→ **Input data**

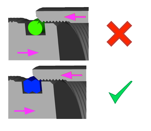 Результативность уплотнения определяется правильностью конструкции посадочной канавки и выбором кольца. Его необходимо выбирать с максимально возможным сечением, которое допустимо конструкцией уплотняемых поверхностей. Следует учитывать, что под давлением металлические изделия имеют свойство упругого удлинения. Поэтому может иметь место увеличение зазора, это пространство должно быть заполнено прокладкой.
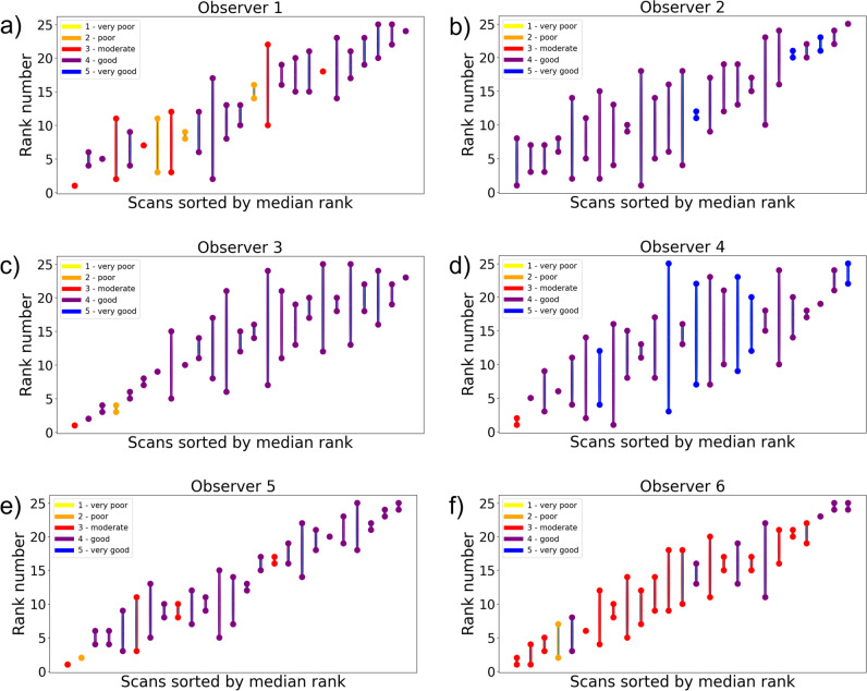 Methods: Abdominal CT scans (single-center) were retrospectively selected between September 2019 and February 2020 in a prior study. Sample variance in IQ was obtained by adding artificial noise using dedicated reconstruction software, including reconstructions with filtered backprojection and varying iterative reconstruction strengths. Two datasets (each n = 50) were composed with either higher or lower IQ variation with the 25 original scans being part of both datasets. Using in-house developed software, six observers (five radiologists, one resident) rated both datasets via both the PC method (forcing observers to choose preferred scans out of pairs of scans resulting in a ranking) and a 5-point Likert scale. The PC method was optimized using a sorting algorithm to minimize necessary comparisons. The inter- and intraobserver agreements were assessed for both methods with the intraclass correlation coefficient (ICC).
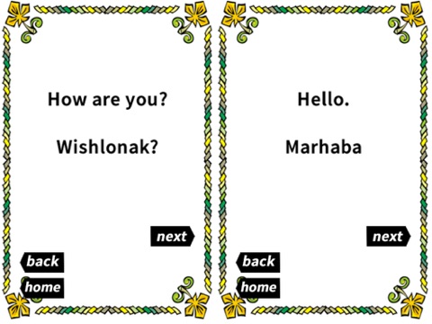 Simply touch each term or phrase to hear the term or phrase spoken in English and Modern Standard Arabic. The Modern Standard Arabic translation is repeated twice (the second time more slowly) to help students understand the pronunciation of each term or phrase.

→ **Your objective**
Reproduce the lines from the one with "Methods: Abdominal CT" through the end of the data, keeping both end lines, adding nothing, and dropping any pictures.

→ **Exercise response**
 Methods: Abdominal CT scans (single-center) were retrospectively selected between September 2019 and February 2020 in a prior study. Sample variance in IQ was obtained by adding artificial noise using dedicated reconstruction software, including reconstructions with filtered backprojection and varying iterative reconstruction strengths. Two datasets (each n = 50) were composed with either higher or lower IQ variation with the 25 original scans being part of both datasets. Using in-house developed software, six observers (five radiologists, one resident) rated both datasets via both the PC method (forcing observers to choose preferred scans out of pairs of scans resulting in a ranking) and a 5-point Likert scale. The PC method was optimized using a sorting algorithm to minimize necessary comparisons. The inter- and intraobserver agreements were assessed for both methods with the intraclass correlation coefficient (ICC).
 Simply touch each term or phrase to hear the term or phrase spoken in English and Modern Standard Arabic. The Modern Standard Arabic translation is repeated twice (the second time more slowly) to help students understand the pronunciation of each term or phrase.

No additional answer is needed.